The National Association of Elementary School Principals (NAESP), a leader in advocacy and support for elementary and middle level principals, partnered with Collaborative to develop Leading Learning Communities: Standards for What Principals Should Know and Be Able To Do, Second Edition. This new version, updating and expanding the original that Collaborative developed for NAESP in 2001, was released in April 2008 at NAESP's national convention in Nashville, TN. The Leading Learning Communities standards build upon those outlined in 2001, with a strong focus on the extensive changes in society and education that have occurred over the last seven years. In an era of intense accountability, an increasingly global society and rapid changes in technology.

Our Approach 

Collaborative worked with NAESP to revise the guidebook using the most recent and relevant research, trends, tools and information available. In tandem, Collaborative created a landmark publication for NAESP titled, Vision 2021: Transformations in Leading, Learning and Community that explores these trends and paints a vivid picture of the future of learning. Leading Learning Communities: Standards for What Principals Should Know and Be Able To Do, Second Edition, can be ordered from NAESP. Collaborative also created the Leading Learning Communities Executive Summary, which can be downloaded for free off the NAESP homepage.

Our Impact 

The national education newspaper, Education Week, provided coverage on NAESP’s release of this new edition of Leading Learning Communities and of Vision 2021. Read the article, Principals’ Group Updates Standards for Leadership, published April 9, 2008. Together, these guidebooks form the Leading Learning Communities series, a series that continues to expand the horizon for principals while providing these leaders with the support they need.

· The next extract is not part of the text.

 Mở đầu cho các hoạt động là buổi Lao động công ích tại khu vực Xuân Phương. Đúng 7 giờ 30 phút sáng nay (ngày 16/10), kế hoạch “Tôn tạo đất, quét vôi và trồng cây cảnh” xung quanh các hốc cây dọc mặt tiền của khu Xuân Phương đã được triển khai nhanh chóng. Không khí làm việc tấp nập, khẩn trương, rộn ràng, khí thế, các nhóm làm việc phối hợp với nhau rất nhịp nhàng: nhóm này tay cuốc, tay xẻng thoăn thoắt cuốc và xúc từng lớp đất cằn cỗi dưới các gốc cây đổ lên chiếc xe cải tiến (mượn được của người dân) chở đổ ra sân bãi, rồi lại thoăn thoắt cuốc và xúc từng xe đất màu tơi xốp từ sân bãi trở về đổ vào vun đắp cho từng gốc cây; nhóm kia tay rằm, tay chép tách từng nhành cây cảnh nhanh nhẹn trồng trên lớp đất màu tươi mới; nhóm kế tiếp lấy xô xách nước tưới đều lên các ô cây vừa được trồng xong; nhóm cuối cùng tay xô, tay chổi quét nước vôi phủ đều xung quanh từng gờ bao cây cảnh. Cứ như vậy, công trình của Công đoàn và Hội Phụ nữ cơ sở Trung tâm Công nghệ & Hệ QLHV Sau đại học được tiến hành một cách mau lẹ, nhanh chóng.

Developing an Online Community for Elementary School Principals

The Challenge 

The National Association of Elementary School Principals (NAESP) needed to launch a new and improved Web site. This site was meant to be the online community of practice for principals across the nation.

Our Approach 

Collaborative served as the lead project manager, designed the look and feel, developed intuitive navigation, and helped to create inviting and user-friendly content for the new Web site. In part due to Collaborative’s extensive relationship with NAESP, as well as the firm’s strategic communications work, the site focuses on aligning programs and practices of the Association with the real needs of the membership—ultimately creating a visually engaging and content-rich Web site. The basis for the main navigation is an off-shoot of the Leading Learning Communities series — the landmark standards publications that Collaborative has developed in partnership with NAESP over the past seven years.

Our Impact 

The Web site’s look and feel is a product of Collaborative’s careful positioning and branding of the organization. Earlier in 2008, Collaborative helped NAESP create a new logo that would honor the Association’s upcoming 100th anniversary. Using the foundation of the logo development—a focus on energy and timeliness—the new Web site honors the past, grounds NAESP in the present and helps the organization look to the future.

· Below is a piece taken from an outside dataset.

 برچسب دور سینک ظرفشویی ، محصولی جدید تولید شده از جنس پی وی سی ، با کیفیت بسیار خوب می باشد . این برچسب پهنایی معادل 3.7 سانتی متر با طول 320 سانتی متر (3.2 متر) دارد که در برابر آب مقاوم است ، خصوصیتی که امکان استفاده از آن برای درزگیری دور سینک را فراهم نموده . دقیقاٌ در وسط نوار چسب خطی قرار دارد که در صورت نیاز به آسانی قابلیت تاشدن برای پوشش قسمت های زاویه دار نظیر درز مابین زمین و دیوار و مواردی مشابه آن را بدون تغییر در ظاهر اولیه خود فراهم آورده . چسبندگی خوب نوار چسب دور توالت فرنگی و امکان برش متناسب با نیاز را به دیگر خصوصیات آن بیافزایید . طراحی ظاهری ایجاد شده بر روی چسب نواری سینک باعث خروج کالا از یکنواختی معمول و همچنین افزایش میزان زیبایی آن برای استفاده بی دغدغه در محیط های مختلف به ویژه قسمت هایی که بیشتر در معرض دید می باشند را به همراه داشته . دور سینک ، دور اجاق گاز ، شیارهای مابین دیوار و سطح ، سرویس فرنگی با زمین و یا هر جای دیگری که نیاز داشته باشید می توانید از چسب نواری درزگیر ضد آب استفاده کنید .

A New Day for Schools: The Expanded Learning Time Summit

The Challenge 

Collaborative teamed up with Massachusetts 2020 and the Massachusetts Department of Education to manage A New Day for Schools: The Expanded Learning Time Summit.

Our Approach 

Collaborative oversaw the Expanded Learning Time Summit’s logistical needs and catering, disseminated invitations and a post-summit evaluation, coordinated the online and on-site registration processes, and managed the design process and agenda and materials development.

Our Impact 

The one-day summit brought together principals, teachers and educators to join in conversations on the Expanded Learning Time (ELT) initiative. This meeting demonstrates Collaborative’s continued experience with developing and hosting meetings for educational endeavors across the country.